The market is starting to recognize agentic AI security as a distinct discipline focused on monitoring, controlling, and securing autonomous AI agents across infrastructure. CrowdStrike’s designation as an inaugural AWS Agentic AI Specialization Partner signals that cloud platforms now treat AI agent security as more than a feature of general cloud protection. Cisco’s acquisition of WideField Security points in the same direction: large vendors are consolidating AI-native detection and response capabilities to watch AI systems as active entities, not just code artifacts. These moves reflect a shift from traditional rule-based controls toward continuous observation of agent behavior, model context, and non-human identities. As enterprises embed AI agents into business workflows and DevOps pipelines, dedicated agentic AI security tooling provides context-aware visibility, enabling teams to distinguish benign automation from risky or policy-violating AI activities across both on-premises and cloud environments.

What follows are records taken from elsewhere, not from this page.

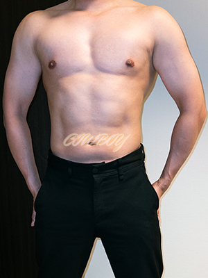 水泳と陸上で鍛えたガッチリ筋肉質のリーマンタイプ。ボーイ経験は初ですが、礼儀正しくハキハキとした対応が好印象です。ヒゲ無しあっさり系のハンサムで、爽やかさと誠実さを兼ね備えたボーイです。
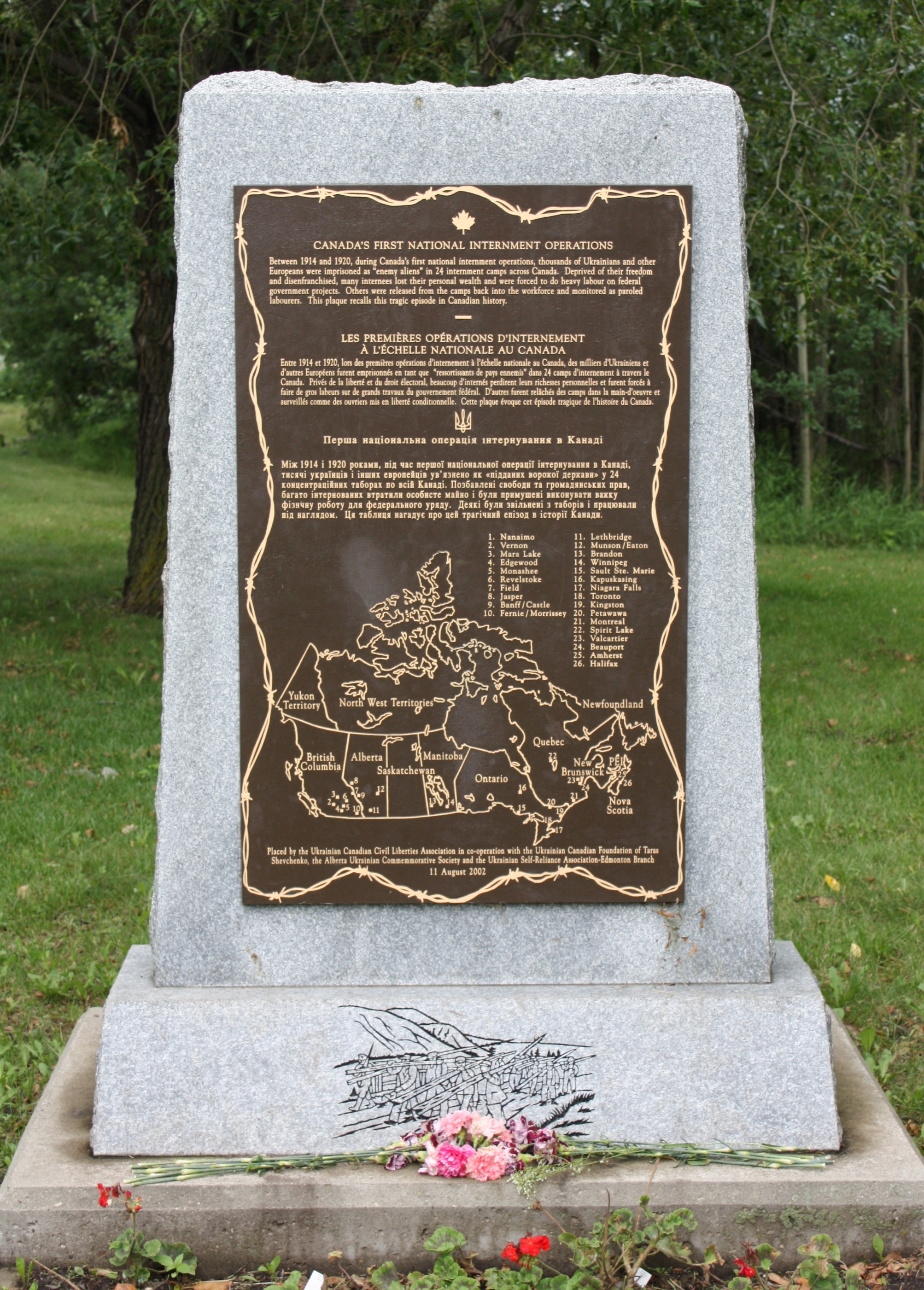 The Ukrainian Cultural Heritage Village is the site of the only internment camp monument in Northern Alberta (on the photo). Installed on August 11, 2002, the plaque commemorates this tragic episode in Canadian history.
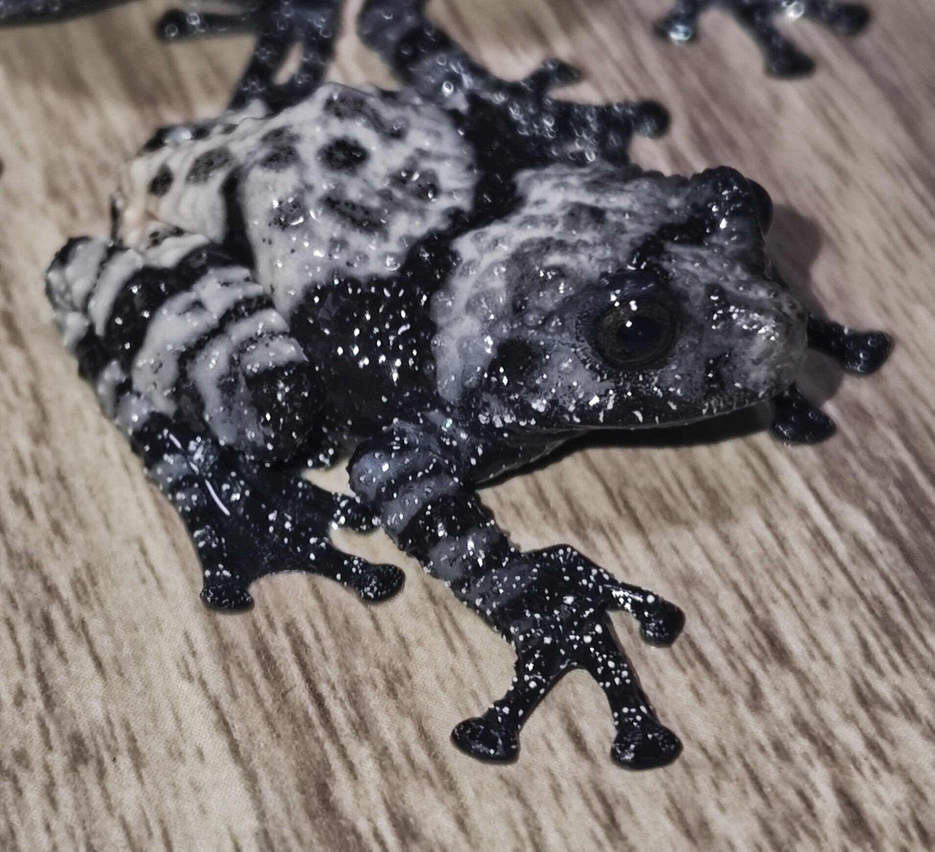 上陸から2-4ヶ月ほどの個体でまだヤミイロコケガエルのアダルトは高価で流通量も少ない事からブリーダーさんの努力の賜物と言えます。
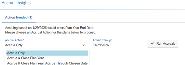 Selecting the Accrual Action 'Accrue Only' will update the plan details with calculated year-to-date time accrued through the end of the accrual year without closing the current Plan Year.
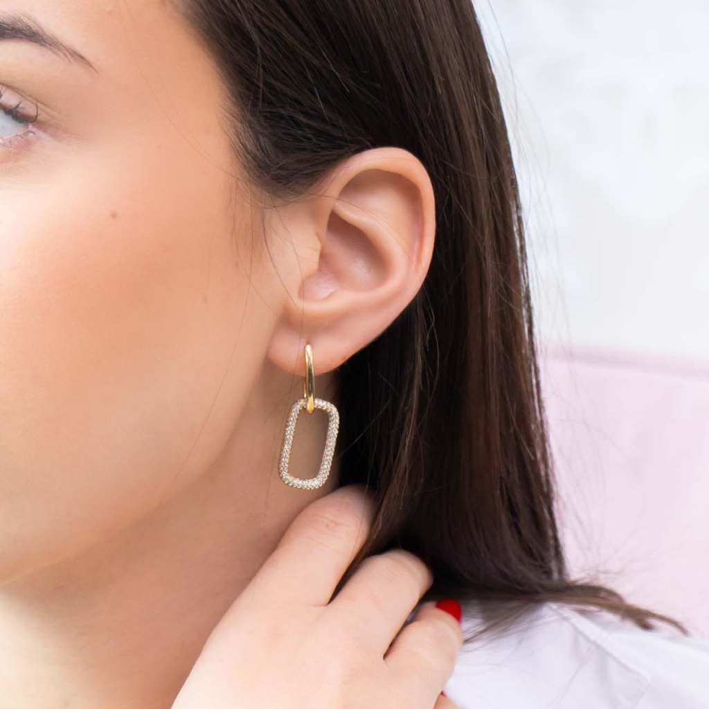 Moderní visací náušnice s jemným geometrickým pojetím zaujmou svým leskem i tvarem. Dvě propojené části – hladká horní a výrazná spodní ve tvaru oválného „O“ osazeného čirými zirkony – tvoří harmonický celek. Skvěle doplní jak každodenní outfit, tak slavnostní vzhled. Zapínání je řešeno praktickou klapkou (ruské zapínání).
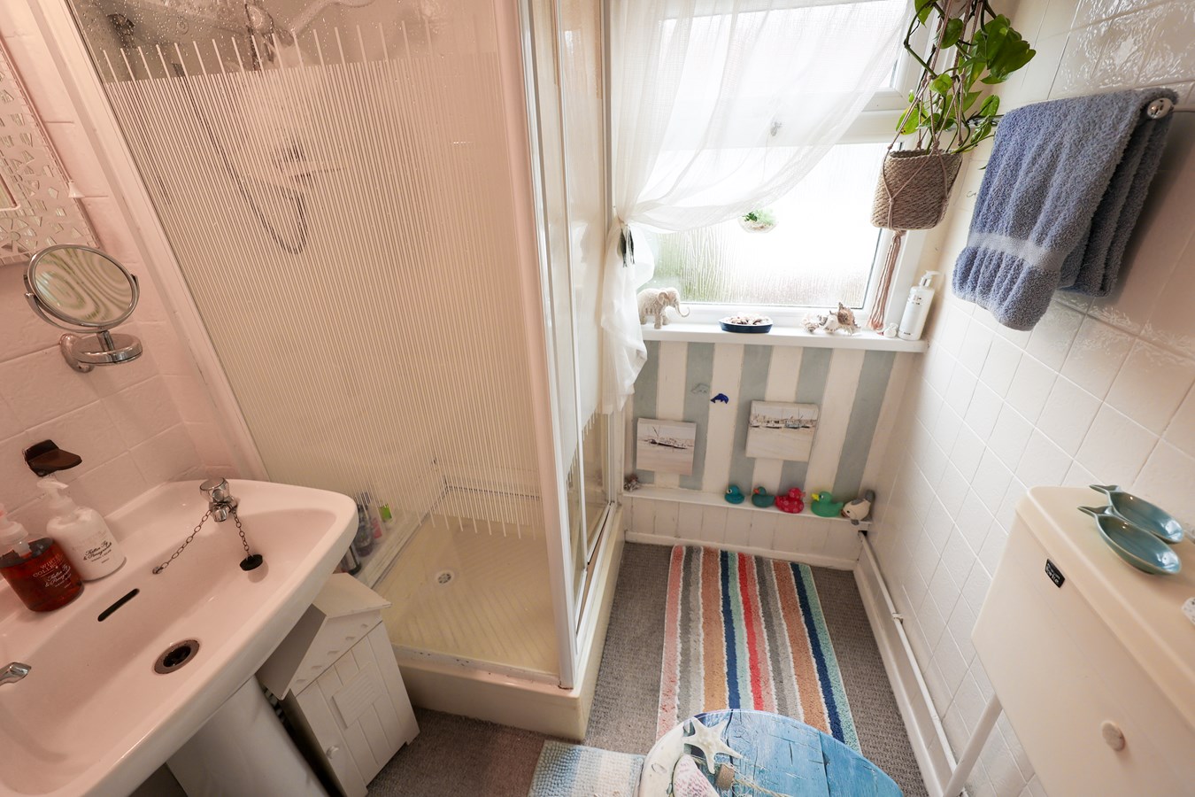 7' 0" x 5' 6" (2.13m x 1.68m) Window to the side, downflow heater, shower cubicle with electric Mira shower, low level W.C. wash hand basin. Built in shelved cupboard.
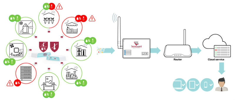 Az érzékelők leolvasásai egy speciális adatgyűjtőhöz kerülnek továbbításra, amely akár 150 érzékelőt is képes kiszolgálni 150 méteres körzetben. A hőmérsékleti adatok az interneten keresztül egy felhőalapú jelentési rendszerbe kerülnek.
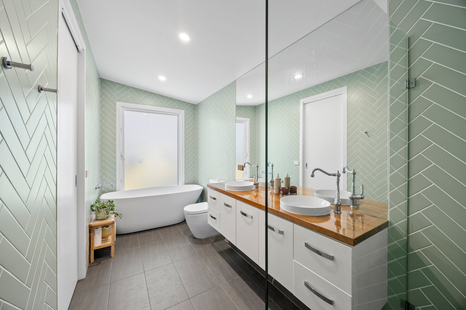 Accommodation is arranged for privacy, with three bedrooms at the front of the home, two with built-in robes, serviced by a well-appointed bathroom with dual vanities. Quietly set to the rear, the main suite enjoys northern light, a walk-in robe, fully tiled twin vanity ensuite and sliding doors opening directly to the garden.
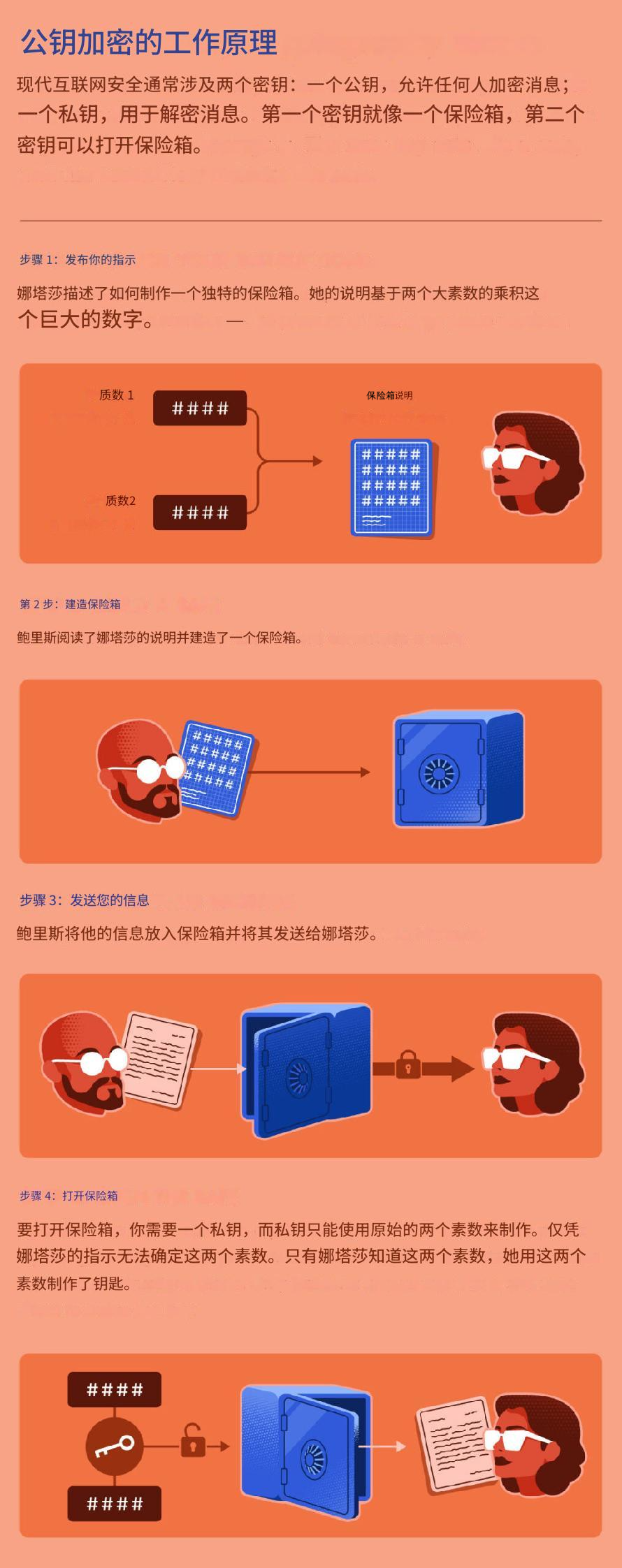 一种反直觉的解决方法,被称为公钥加密,不依赖于保持密钥秘密,而是反而依赖于使其广泛可获得。技巧在于还要使用第二把你永远不会与任何人(甚至包括你要与之通信的人)分享的密钥。只有通过使用两个密钥的组合(一个公钥,一个私钥),才能对同时对消息进行加扰和解密。
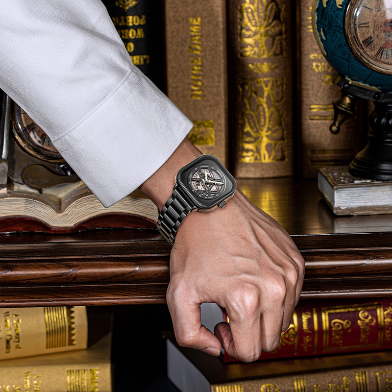 以暗夜中急行軍令的武士為設(shè)計靈感,將黑夜的神秘未知與精致鏤空的機械設(shè)計融為一體,盤根交錯的鏤空結(jié)構(gòu)勾勒出鐵甲武士的行動軌跡,在以外方內(nèi)圓的別致設(shè)計,在沿襲傳統(tǒng)工藝美學(xué)的同時,大膽呈現(xiàn)品牌別具一格的不凡品味。雙面鏤空與全景背透,和您一起揭開武士的神秘面紗。
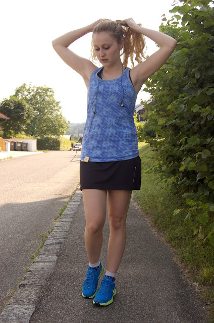 Ich bin ein totaler Fan von bunten Laufoutfits und besitze verschiedene Hosen, Shirts und Westen zum Laufen (meist von H&M) und sogar einen Laufrock. Mir persönlich ist dabei wichtig, dass nichts runterrutscht, daher sollte alles zum Binden sein! (praktisch ist natürlich auch eine Ziptasche für einen I pod)
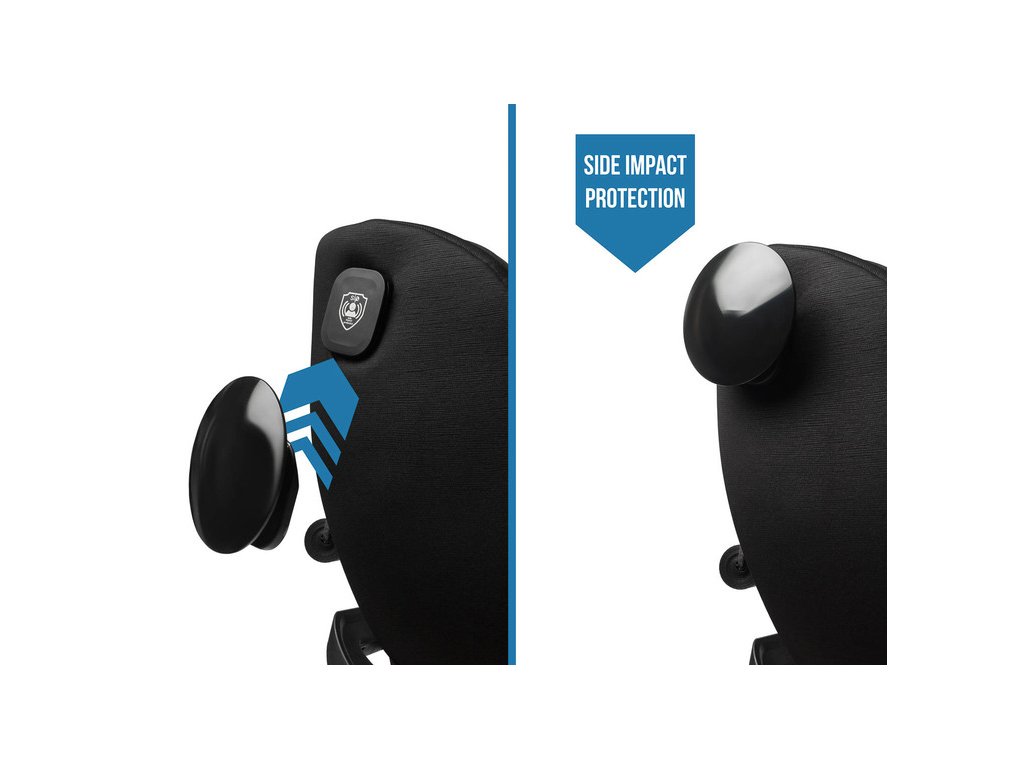 • instalacja tyłem (do 105 cm wzrostu – ISOFIX + TopTether) lub przodem do kierunku jazdy (od 76 do 105 cm wzrostu – ISOFIX + TopTether; od 100 do 150 – ISOFIX + 3-punktowe pasy samochodowe)
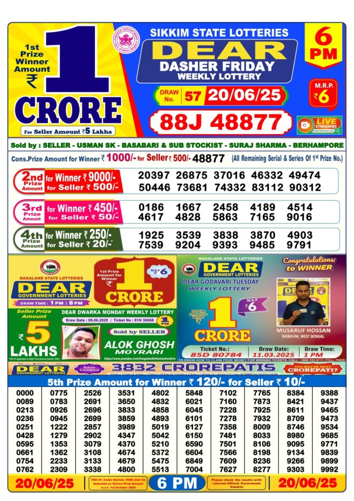 Dear dasher friday weekly lottery 6 pm result 20-6-25 Results Editorial Staff June 20, 2025 Leave a Comment on Dear dasher friday weekly lottery 6 pm result 20-6-25 Posted in Dear Lottery 6 PM Result Share: XFacebookPinterestRedditVKDiggLinkedinMix Dear Legend Monday Weekly Lottery Result Update 📅 Date: 20 June 2025 ⏰ Draw Time: 6:00 PM 🟢 Result Declared 🔗 View previous Dear Lottery 6 PM Result results Related Results Dear Legend Monday Weekly Lottery 6pm Result 02-03-26 Dear Empire Sunday Weekly Lottery 6pm Result 01-03-26 Dear Elite Saturday Weekly Lottery 6pm Result 28-02-26 Dear Crown Friday Weekly Lottery 6pm Result 27-02-26 Dear Supreme Thursday Weekly Lottery 6pm Result 26-02-26 Dear Regal Wednesday Weekly Lottery 6pm Result 25-02-26 Dear Prestige Tuesday Weekly Lottery 6pm Result 24-02-26 Author: Results Editorial Staff

Balancing AI Enablement with Compliance and Governance

Shadow AI adoption raises significant compliance and data governance risks because unapproved tools may move sensitive data into external services without logging or review. Traditional security tools rarely detect whether a browser plugin, code assistant, or SaaS chatbot is an AI service or how it handles data. New shadow AI visibility tools address this by giving organizations a clear inventory of AI tools in use, who uses them, and over which networks and workloads they operate. With that view, teams can define policy tiers—approved, conditionally allowed, or prohibited—and enforce them through endpoint controls and cloud security operations. N‑able’s integrated workflows and CrowdStrike’s AI-aware SIEM illustrate how AI enablement and compliance can coexist: organizations can allow high-value AI use cases while maintaining detailed monitoring, audit trails, and responsive controls that support regulatory requirements and responsible AI adoption.